**Data for the task**
******************************
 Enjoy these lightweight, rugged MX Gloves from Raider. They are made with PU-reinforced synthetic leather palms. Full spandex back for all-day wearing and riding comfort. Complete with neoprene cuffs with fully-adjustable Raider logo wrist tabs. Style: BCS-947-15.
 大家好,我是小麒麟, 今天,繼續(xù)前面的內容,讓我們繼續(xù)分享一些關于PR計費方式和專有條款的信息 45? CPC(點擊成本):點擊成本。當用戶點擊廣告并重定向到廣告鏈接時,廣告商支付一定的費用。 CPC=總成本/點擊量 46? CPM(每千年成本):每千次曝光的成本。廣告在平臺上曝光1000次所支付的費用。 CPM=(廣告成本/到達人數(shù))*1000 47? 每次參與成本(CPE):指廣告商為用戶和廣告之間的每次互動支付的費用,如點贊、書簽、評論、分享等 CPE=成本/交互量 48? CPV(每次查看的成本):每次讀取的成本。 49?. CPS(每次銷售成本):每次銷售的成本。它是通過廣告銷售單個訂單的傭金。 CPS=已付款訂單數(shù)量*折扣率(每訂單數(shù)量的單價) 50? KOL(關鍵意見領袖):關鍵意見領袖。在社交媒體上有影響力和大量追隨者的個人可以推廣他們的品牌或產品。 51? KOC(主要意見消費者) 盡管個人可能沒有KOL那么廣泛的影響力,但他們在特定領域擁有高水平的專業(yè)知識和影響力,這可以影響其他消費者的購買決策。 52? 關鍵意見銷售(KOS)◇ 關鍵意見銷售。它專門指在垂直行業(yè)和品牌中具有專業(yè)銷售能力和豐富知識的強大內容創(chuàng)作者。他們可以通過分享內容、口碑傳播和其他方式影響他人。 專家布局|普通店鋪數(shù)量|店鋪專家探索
******************************
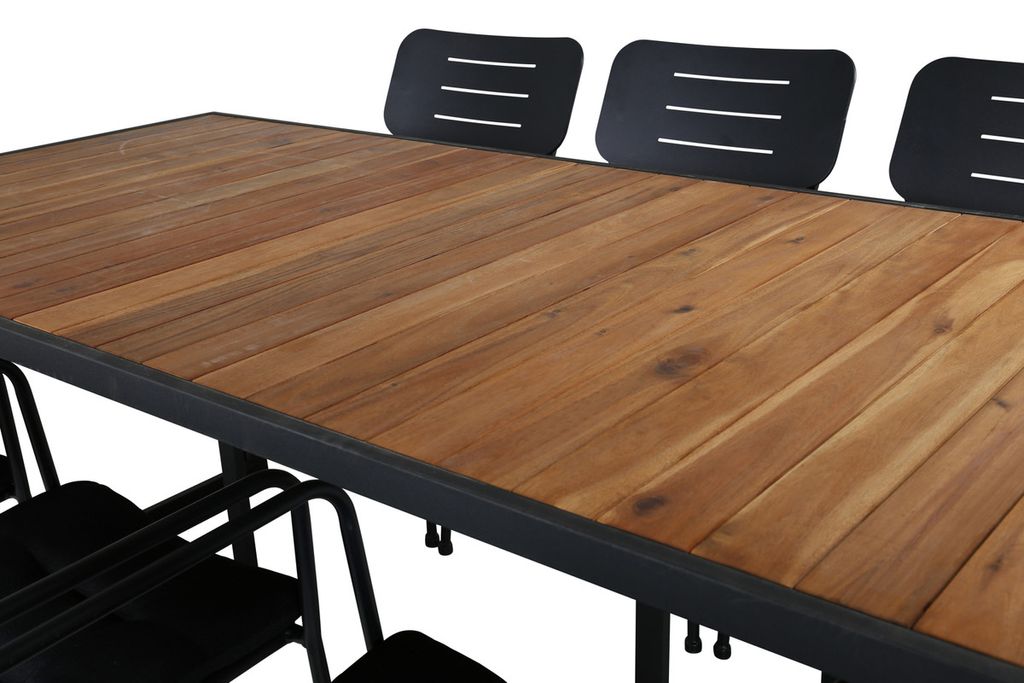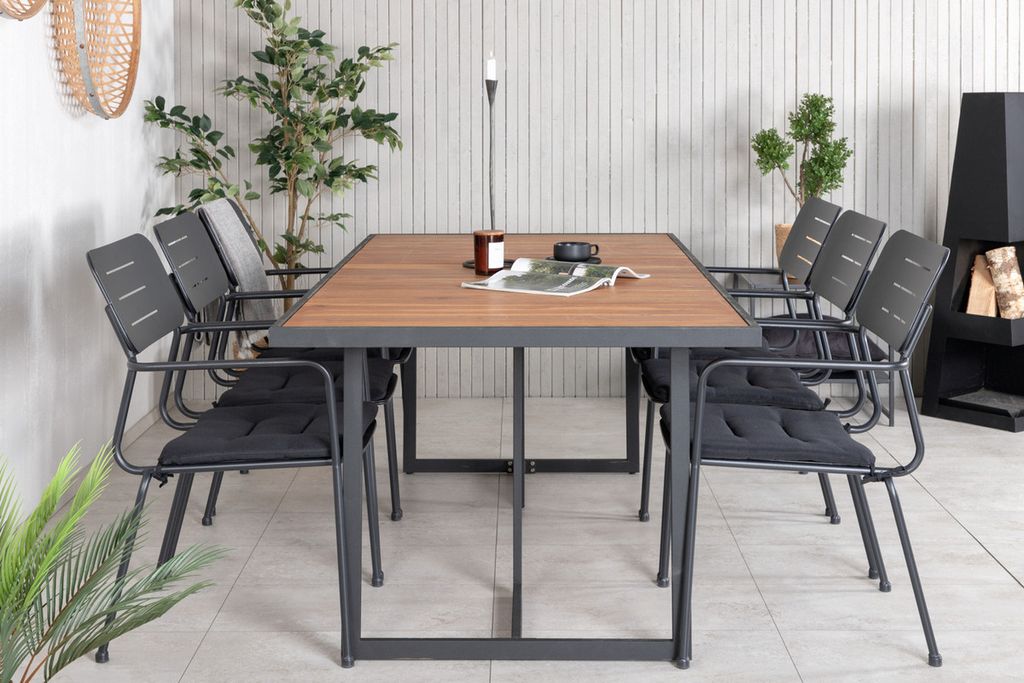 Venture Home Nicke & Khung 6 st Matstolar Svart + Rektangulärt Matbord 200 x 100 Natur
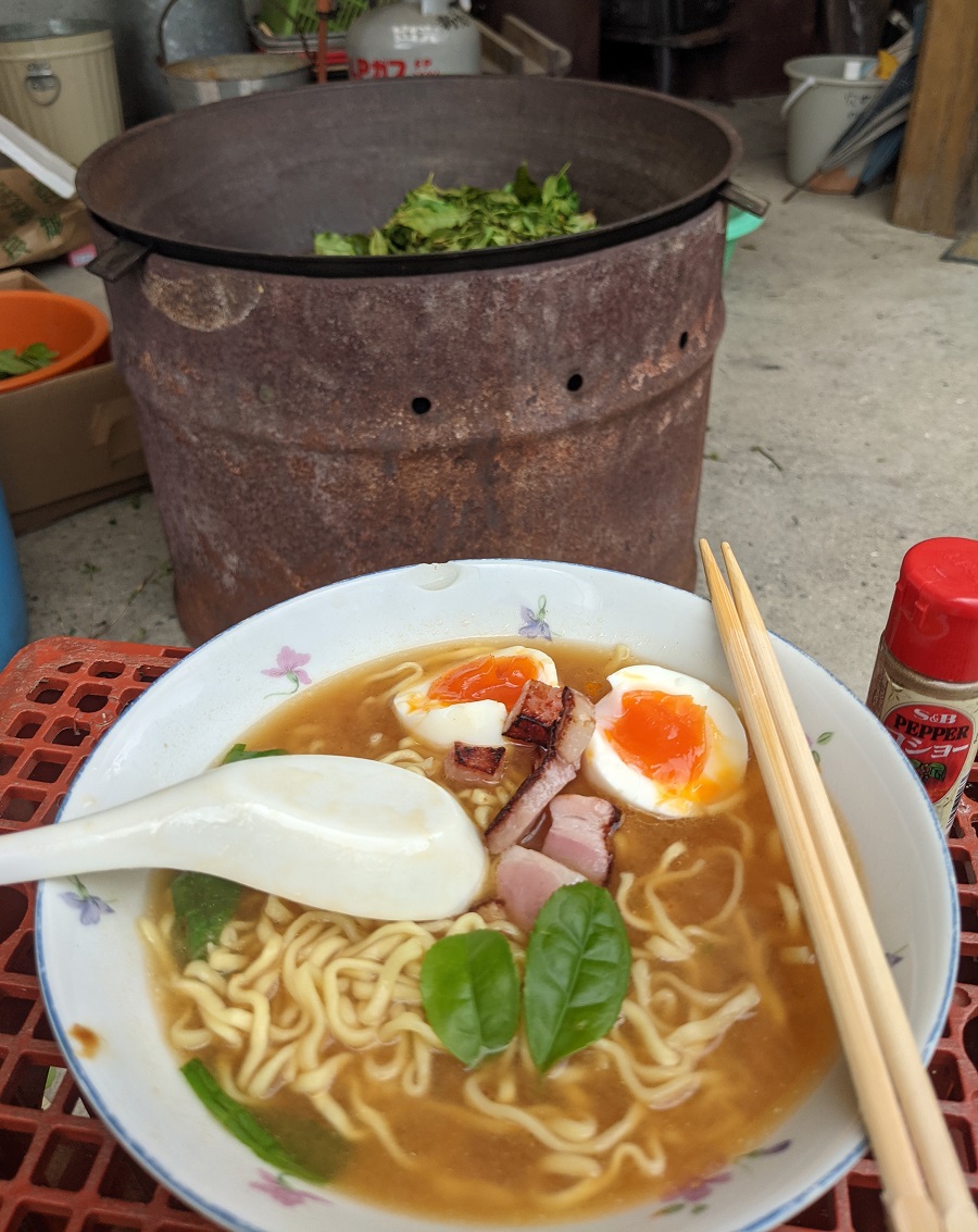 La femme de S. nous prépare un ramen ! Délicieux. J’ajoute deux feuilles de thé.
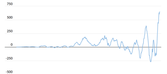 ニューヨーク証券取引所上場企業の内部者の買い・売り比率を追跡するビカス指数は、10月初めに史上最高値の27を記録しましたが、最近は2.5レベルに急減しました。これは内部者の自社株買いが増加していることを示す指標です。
******************************
**Work required**
Look back at the entries above. Retype the line with "Enjoy these lightweight, rugged", the line with "大家好,我是小麒麟, 今天,繼續(xù)前面的內容,讓我們繼續(xù)分享一些關于PR計費方式和專有條款的信息 45?", and all lines in between.

**Solution for this problem**
 Enjoy these lightweight, rugged MX Gloves from Raider. They are made with PU-reinforced synthetic leather palms. Full spandex back for all-day wearing and riding comfort. Complete with neoprene cuffs with fully-adjustable Raider logo wrist tabs. Style: BCS-947-15.
 大家好,我是小麒麟, 今天,繼續(xù)前面的內容,讓我們繼續(xù)分享一些關于PR計費方式和專有條款的信息 45? CPC(點擊成本):點擊成本。當用戶點擊廣告并重定向到廣告鏈接時,廣告商支付一定的費用。 CPC=總成本/點擊量 46? CPM(每千年成本):每千次曝光的成本。廣告在平臺上曝光1000次所支付的費用。 CPM=(廣告成本/到達人數(shù))*1000 47? 每次參與成本(CPE):指廣告商為用戶和廣告之間的每次互動支付的費用,如點贊、書簽、評論、分享等 CPE=成本/交互量 48? CPV(每次查看的成本):每次讀取的成本。 49?. CPS(每次銷售成本):每次銷售的成本。它是通過廣告銷售單個訂單的傭金。 CPS=已付款訂單數(shù)量*折扣率(每訂單數(shù)量的單價) 50? KOL(關鍵意見領袖):關鍵意見領袖。在社交媒體上有影響力和大量追隨者的個人可以推廣他們的品牌或產品。 51? KOC(主要意見消費者) 盡管個人可能沒有KOL那么廣泛的影響力,但他們在特定領域擁有高水平的專業(yè)知識和影響力,這可以影響其他消費者的購買決策。 52? 關鍵意見銷售(KOS)◇ 關鍵意見銷售。它專門指在垂直行業(yè)和品牌中具有專業(yè)銷售能力和豐富知識的強大內容創(chuàng)作者。他們可以通過分享內容、口碑傳播和其他方式影響他人。 專家布局|普通店鋪數(shù)量|店鋪專家探索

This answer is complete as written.